I downloaded a desgin for a picnic table and built it. The problem is that I built the table wider than the plans, I wanted to. The issue is the angle on the legs is now incorrect and the feet are too narrow. The table top I built is 39" wide. I am having trouble determining the angle for the legs. The legs are the typical cross type. BTW, the benches are not connected. Please help.


----------



## Big Dave (Sep 16, 2006)

If I'm picturing it right in my head then it doesn't matter how wide the table is the angle will stay the same. The only difference will be where you cross them and nail or bolt them together will be lower with a wider top.

If you can post a pic so we can see first hand your dilema. It will help us come up with a solution.


----------



## TexasTimbers (Oct 17, 2006)

Welcome to the gang. At least Dave can picture your dilemma, I can't. If you made the top wider, did you spread the feet further apart to accomodate it? 

_The issue is the angle on the legs is now incorrect and the feet are too narrow._

If you did spread the legs out to accomdate the wider top to keep it from being unstable, that will change the angle. It's a simple matter to determine the correct angle. But I don't see how they would then be too narrow. 
In order to keep the top at the same height as the plans call for, by making the top wider and wanting the legs to have a correspondingly wider footprint you would have to both extend the length of the legs and spread them too, and therefore the angle cuts will have changed on both ends as well.

As usual I am confused. :huh: As dave says pictures will do the trick.


----------



## rfranscella (Jul 16, 2007)

*problem solved*

Thanks for chiming in on my problem. I went back to my high school geometry to figure it out. Basically, I figured out the angles based on Pythagorus' Theorem. Here is the website I used http://www.csgnetwork.com/righttricalc.html

Any change in the angle means a change in the length of the leg.
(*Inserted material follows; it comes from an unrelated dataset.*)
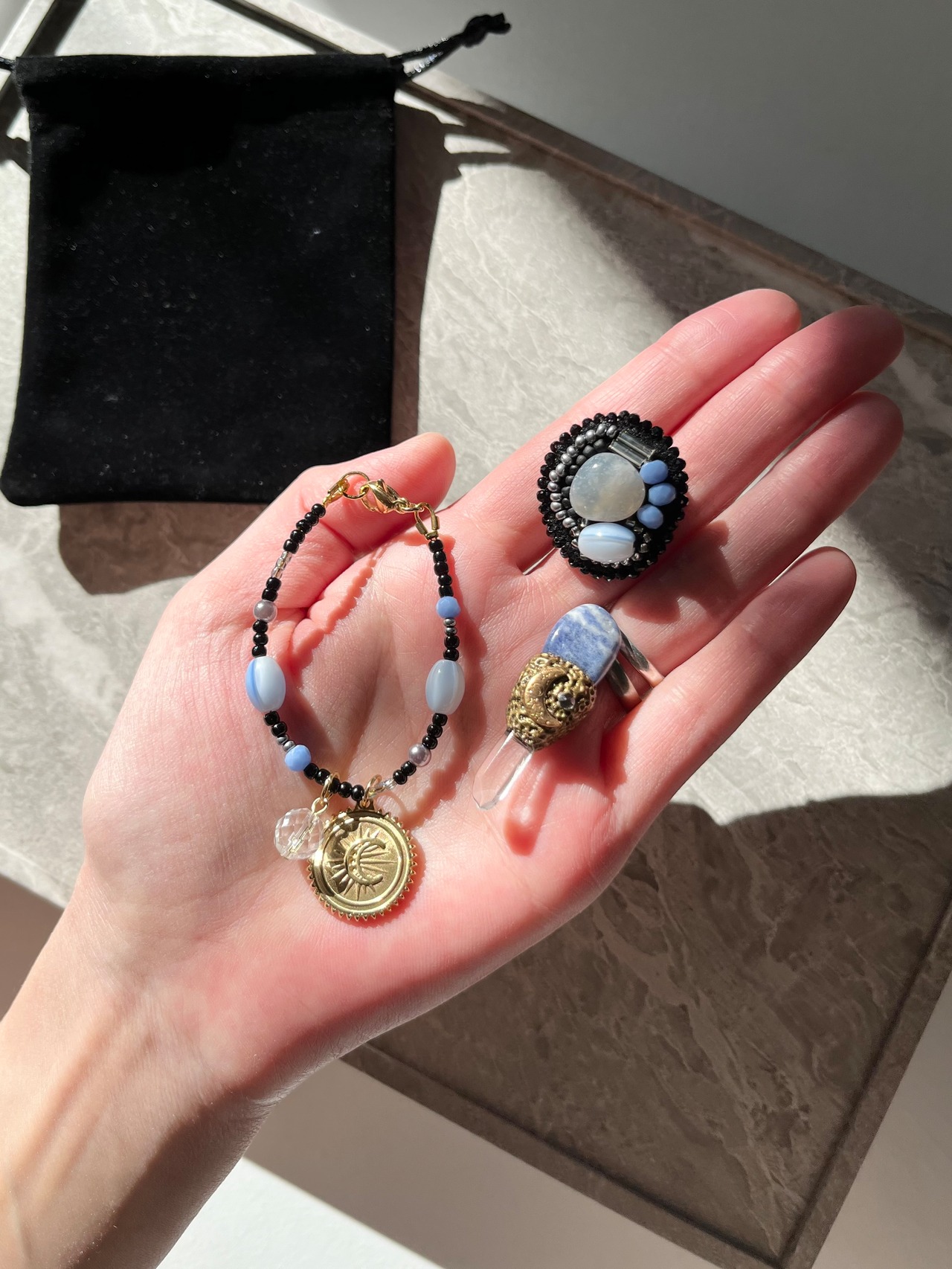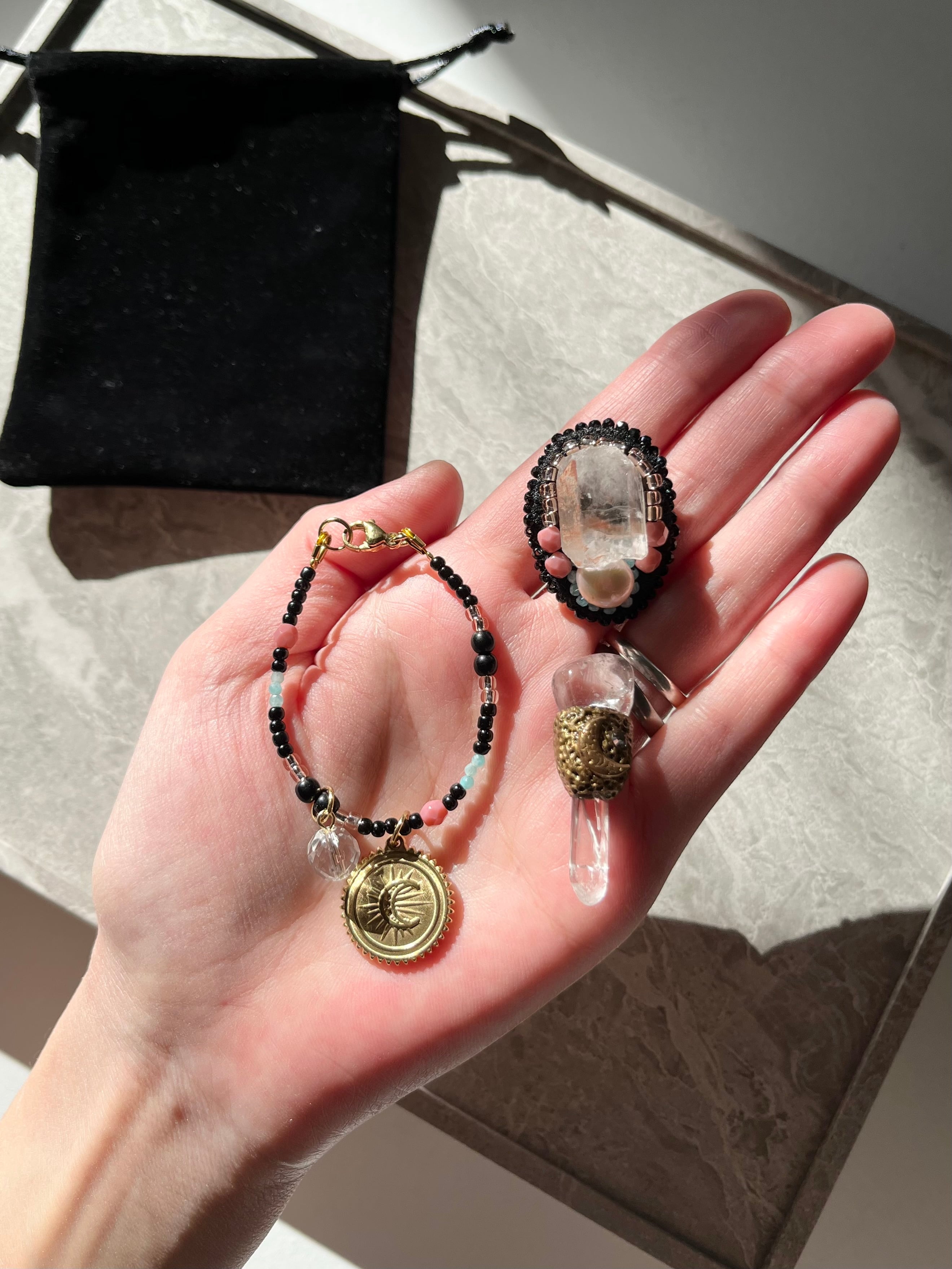 また天然石の種類によっては日光に長時間当てると色が変わるものもございます。(フローライトなど)

Line a is the distance from the floor to the bottom of the table and line b is the distance between the 2 legs. If those 2 measurements are the same then the angles are 45 degrees.

Please, I am not an egghead. This is my first time doing geometry since high school.


----------



## TexasTimbers (Oct 17, 2006)

rfranscella said:


> Any change in the angle means a change in the length of the leg.
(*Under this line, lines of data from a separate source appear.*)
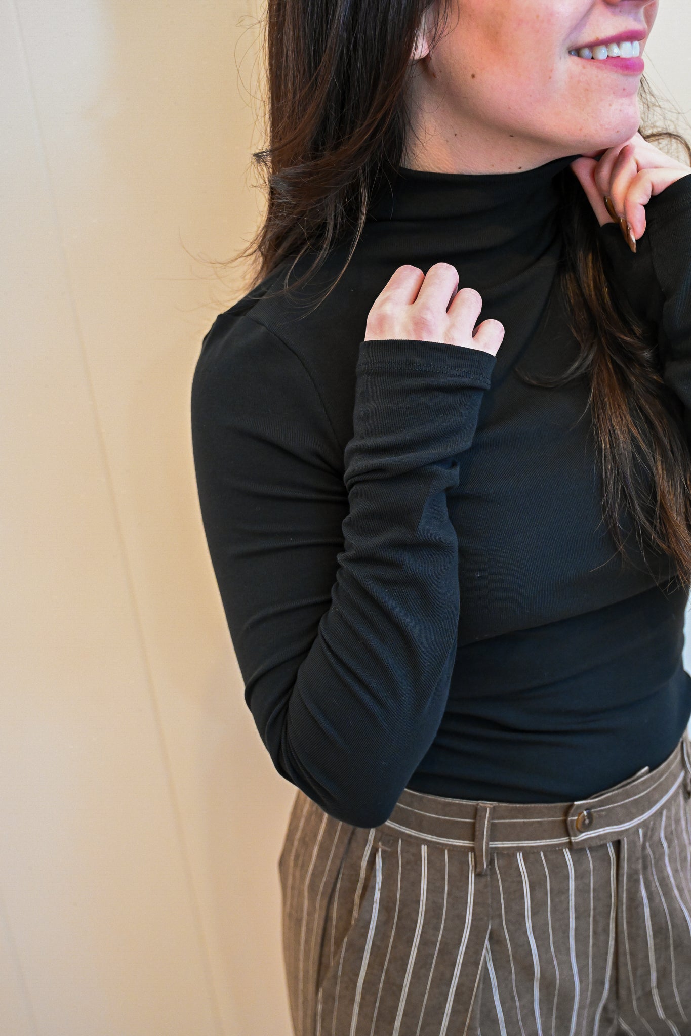 Soft, sleek, and perfectly fitted. This turtleneck is made from 'skims like' second skin rib fabric that moves with you for all-day comfort. Finished with a smooth wash and classic shape, it’s ideal for tucking into denim or layering under blazers and jackets all season long. This style is very fitted, go up in size for more room.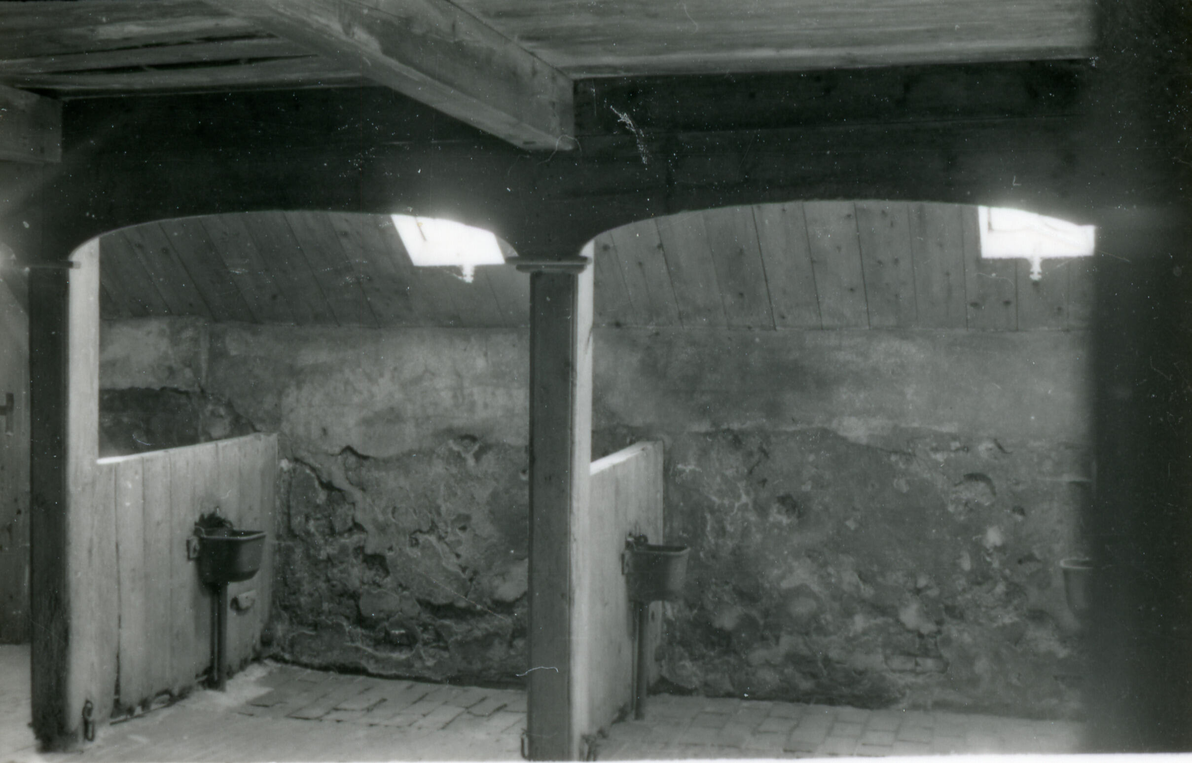 Twee stalplaatsen in een koeienstal, Warffum, 1939 (...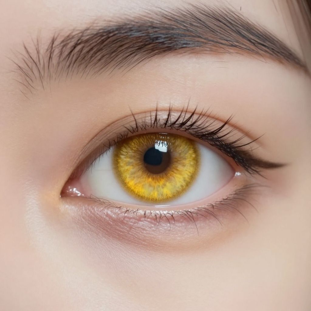 Close-up photograph of a light-skinned person's eye with a striking yellow iris, detailed pupil, and thick, dark eyebrows.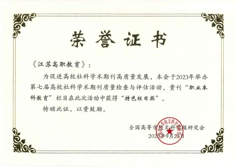 近年来,《江苏高职教育》坚持为繁荣职业教育学术服务、为高职院校改革服务、为促进中外学术传播交流服务、为赓续黄炎培职业教育思想服务的办刊宗旨,走特色化、专题化、品牌化发展之路。在深耕职业教育领域办刊的过程中,本刊注重内涵式发展,精心策划专题,打造特色栏目,刊发了一批高水平研究成果,期刊影响因子逐年提升,学术影响力日益凸显。在宣传学校办学成果、传播学术文化、服务教学科研、促进学术交流等方面发挥了积极作用。2023年3月,入选中国职业高等院校期刊AMI综合评价“职院刊扩展期刊”。此次获奖,是对《江苏高职教育》高质量发展的再次肯定。
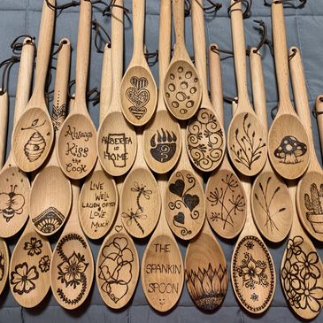 Every cook likes a decent wooden spoon in their kitchen. I hand burn spoons with fun designs for the fun cooks in your life.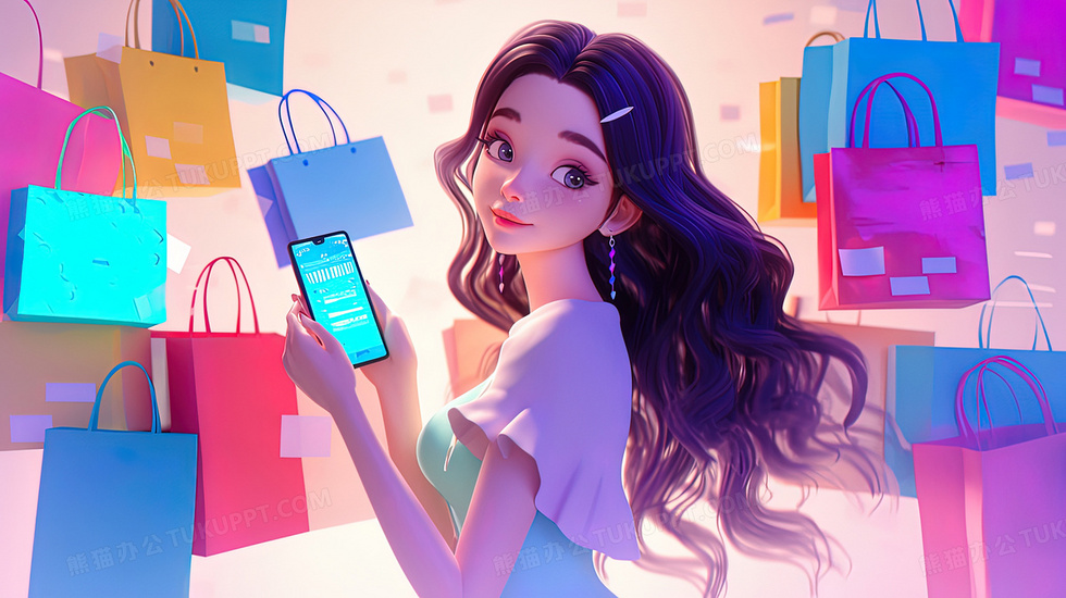本作品内容为3D手机线上网购的女孩插画, 格式为 jpg, 大小3 MB, 图片尺寸为2912 x 1632, 源文件无水印, 欢迎使用熊猫办公。 如认为平台内容涉嫌侵权,可通过邮件:tousu@tukuppt.com提出书面通知,我们将及时处理。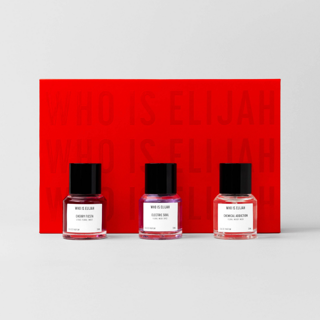 CHERRY FIESTA. ELECTRIC SOUL. CHEMICAL ADDICTION.This limited-edition set includes three of WHO IS ELIJAH’s best-selling scents, CHERRY FIESTA, ELECTRIC SOUL, and CHEMICAL ADDICTION, each in a 30ml bottle. Perfect for gifting or keeping in rotation.

that's true, but the opposite is not necessarily true. I can't speak for dave but I think that might be what he was referring to. You can extend the legs obviously without changing the angle. You just wouldn't be able widen the footprint for stability that way without drastically increasing the height of the table.



rfranscella said:


> Please, I am not an egghead. This is my first time doing geometry since high school.


Hopefully you don't think anyone was inferring yoiu are. We don't do that on this site. We joke and kid but we don't insult. 

I think the challenge in any forum like this where we try to help each other is almost always understanding the question.

I am not good at visualising so I have to take stabs and guesses ond oftentimes I look like an igmo by so doing. The thing I have going for me is I am not so vain that I am really care if others do. :huh: 

The goal is to try and help and as unorthodox as my attempts often are, in the end, that's really what I am trying to accomplish as we all are in our own way. :thumbsup: 

Let us know what you do with it or even post a picture if you don't mind.


----------